*AIM OF THE TASK*: Please write out the full listing beneath this line exactly, skipping its images.

--- DATA SHOWN Enclosed Below ---

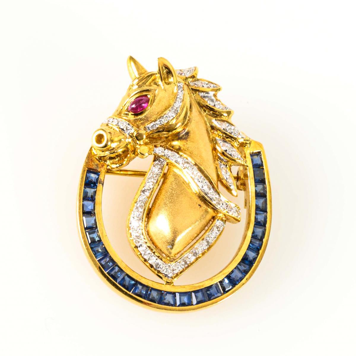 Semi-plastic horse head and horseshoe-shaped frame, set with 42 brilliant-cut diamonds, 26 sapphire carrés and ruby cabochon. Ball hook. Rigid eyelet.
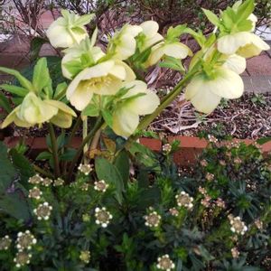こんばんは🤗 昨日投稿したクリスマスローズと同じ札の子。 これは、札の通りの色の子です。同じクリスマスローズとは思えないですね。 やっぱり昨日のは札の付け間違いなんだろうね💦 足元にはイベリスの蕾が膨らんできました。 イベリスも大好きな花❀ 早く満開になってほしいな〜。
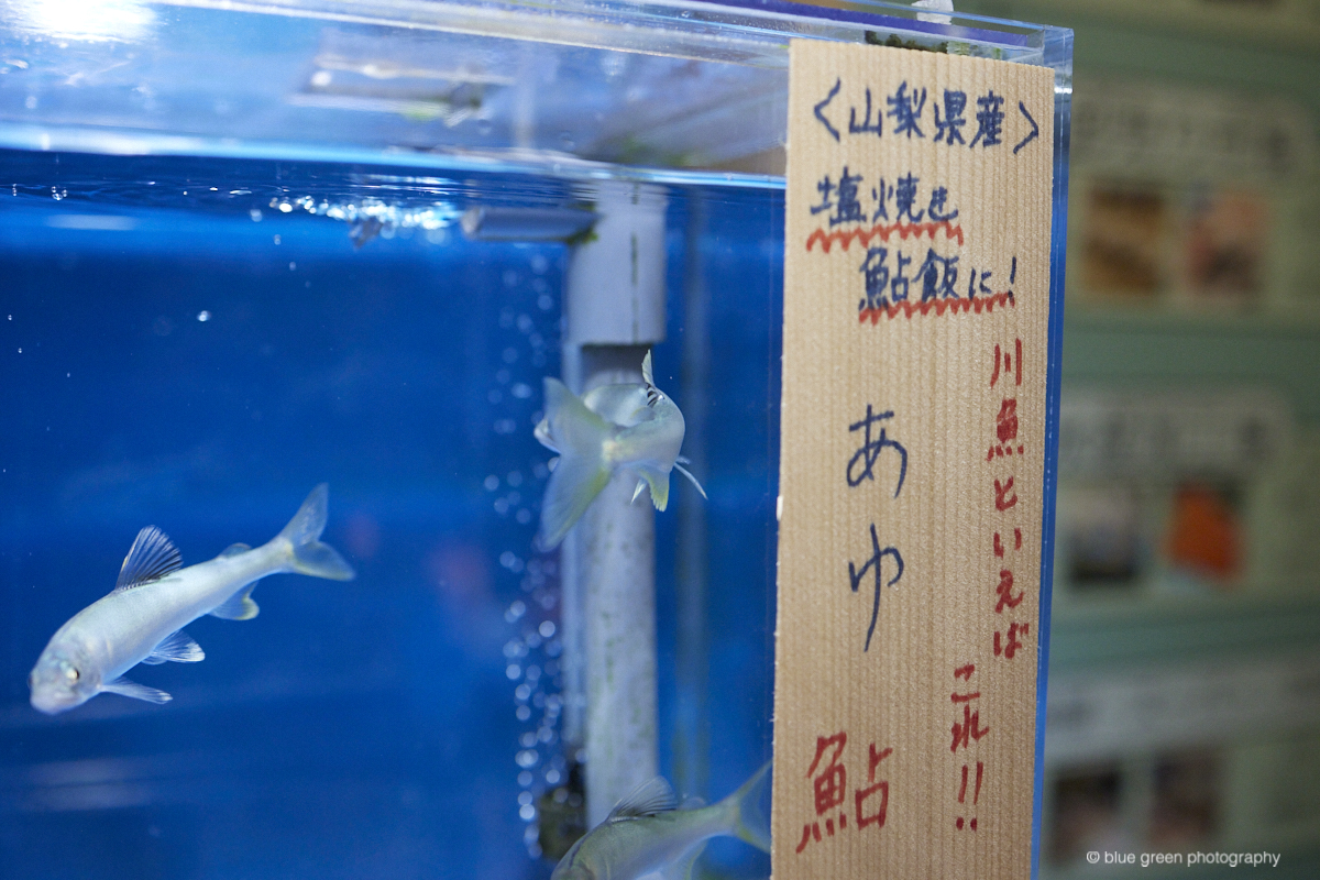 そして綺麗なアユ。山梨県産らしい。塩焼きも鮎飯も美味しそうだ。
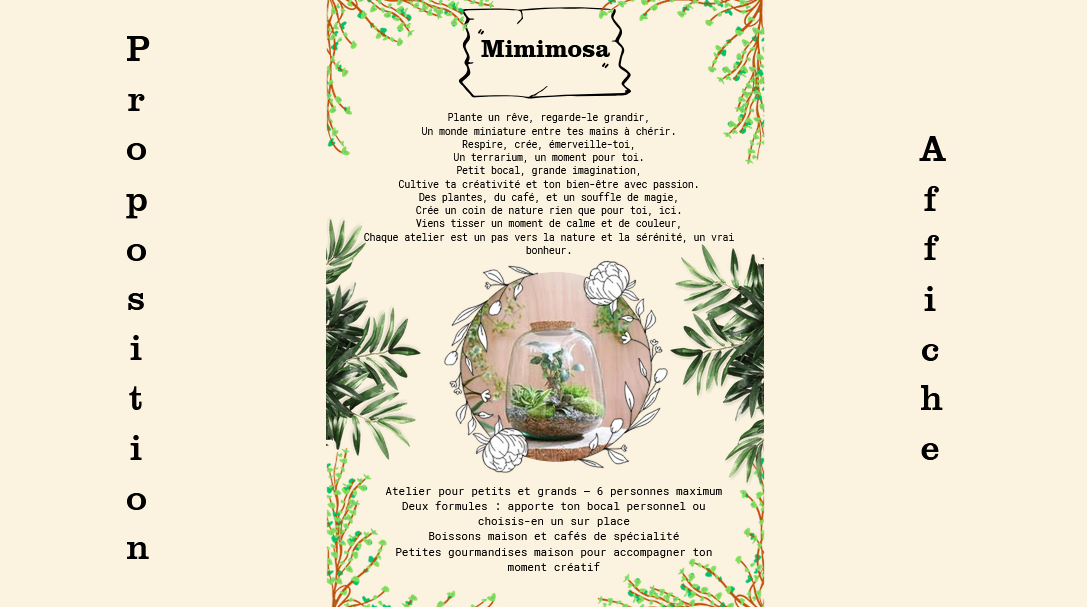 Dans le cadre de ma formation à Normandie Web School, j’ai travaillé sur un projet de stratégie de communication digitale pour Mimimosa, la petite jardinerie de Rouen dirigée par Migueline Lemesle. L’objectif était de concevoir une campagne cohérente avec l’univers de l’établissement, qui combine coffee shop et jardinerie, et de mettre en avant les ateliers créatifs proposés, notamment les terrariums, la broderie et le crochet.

--- End of Enclosed DATA SHOWN ---

*RESULT OF THIS TASK*:
 Semi-plastic horse head and horseshoe-shaped frame, set with 42 brilliant-cut diamonds, 26 sapphire carrés and ruby cabochon. Ball hook. Rigid eyelet.
こんばんは🤗 昨日投稿したクリスマスローズと同じ札の子。 これは、札の通りの色の子です。同じクリスマスローズとは思えないですね。 やっぱり昨日のは札の付け間違いなんだろうね💦 足元にはイベリスの蕾が膨らんできました。 イベリスも大好きな花❀ 早く満開になってほしいな〜。
 そして綺麗なアユ。山梨県産らしい。塩焼きも鮎飯も美味しそうだ。
 Dans le cadre de ma formation à Normandie Web School, j’ai travaillé sur un projet de stratégie de communication digitale pour Mimimosa, la petite jardinerie de Rouen dirigée par Migueline Lemesle. L’objectif était de concevoir une campagne cohérente avec l’univers de l’établissement, qui combine coffee shop et jardinerie, et de mettre en avant les ateliers créatifs proposés, notamment les terrariums, la broderie et le crochet.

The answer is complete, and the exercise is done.